However, Russia’s diplomatic activity is not only a function of the crisis in Russia–West relations. It reflects realism on Moscow’s part about the vulnerability of its international position. The weaknesses of its power (economic, soft, even military) mean that being a ‘centre of influence’ is possible only through association (with former Soviet states in the first place as was stressed before, but also via participation in international organizations and fora and partnership with other leading powers). Russia’s moving to a more active Asian agenda since the early 2000s (and so far with only limited progress) is of course a consequence of its degraded relations with Western powers. However it also means that Moscow recognizes the weakness of its positions in Asia. This is in large part due to the historically rooted Western-centrism of its international policy. The Kremlin feels this should be corrected given the rising strategic and economic importance of Asia, in particular the Asia-Pacific[40].

Thus, Russia’s ‘hyperactive’ diplomacy is also an implicit reflection of the fact that Russia, while certainly satisfied with what it sees as the West’s ‘leadership crisis’ and trying to use fully this window of opportunity to impose the idea that it is a key architect of the emerging new world order, is at the same time not fully comfortable with this new order (which, as was previously stressed, it sees as chaotic and unpredictable). In its current situation, Russia is probably not completely confident that it will get a gratifying role in it. For example, the Chinese and Russian presidents’ decision, in 2015, to connect the Eurasian Economic Union and the new Silk Road looks more like an attempt by Moscow to use the dynamics of Chinese projects (which it cannot really oppose) in order to reposition itself on the Eurasian stage at a time when its own integration project has been hurt by the Ukrainian crisis and the wariness it has inspired Russia’s partners, including Kazakhstan and Belarus. In this sense, it is worth considering the possibility that Russia’s permanent show of military force is also an indirect message to other great powers such as China, with which the balance of power is not favorable to Russia – a message that says that Russia, despite its internal and international weaknesses, needs to be taken seriously. An active diplomatic presence on all strategic fronts is considered as a hedge against possible risks of international downgrading. It remains to be seen whether this sense of Russia’s vulnerability in the emerging world order could benefit, in a way or another, the relationship between Russia and the EU, which, despite all the tensions, is still supported by quite a solid economic basement and a diversified fabric of human ties. However, one can only notice that the EU seems to feature quite low in the priorities of Moscow’s foreign policy agenda, and mainly in a regional, not global, context.
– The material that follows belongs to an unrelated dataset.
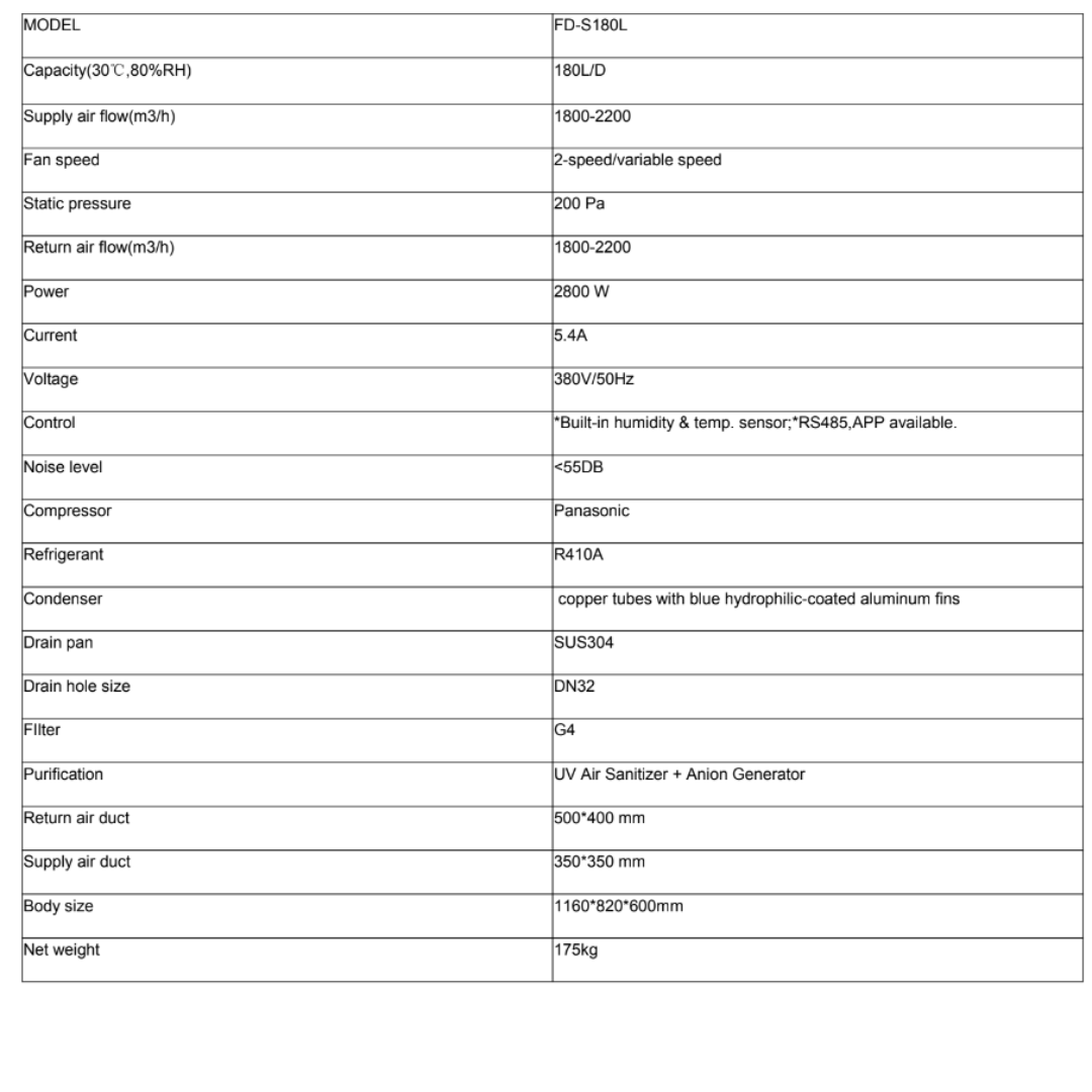 קיבולת הסרת לחות: 180 ליטר / יום – 30°C, 80%RH

In these conditions, what are the implications for the European Union of Russia’s new security policy? How to navigate between necessary cautiousness, given Russia’s assertiveness and the vulnerability of EU consensus, and engagement, dictated, among other things, by the fact that Russia remains interested in the future of the Euro-Atlantic region in a ‘long term’ perspective (Foreign policy concept)? What are the EU’s margins for manoeuvre, knowing that it is not in the best position to address the Russian challenge in its military dimension? Does Russia’s implicit discomfort in the emerging new world order offer leverage for the EU to engage Moscow productively?

 

Russia – EU relations

Despite the current crisis situation, the EU and Russia agree that ties cannot be broken. The EU’s global strategy recognizes that ‘the EU and Russia are interdependent’ (p. 33). Russia’s Foreign policy concept stresses that ‘[The] EU remains an important trade and economic and foreign policy partner for Russia’.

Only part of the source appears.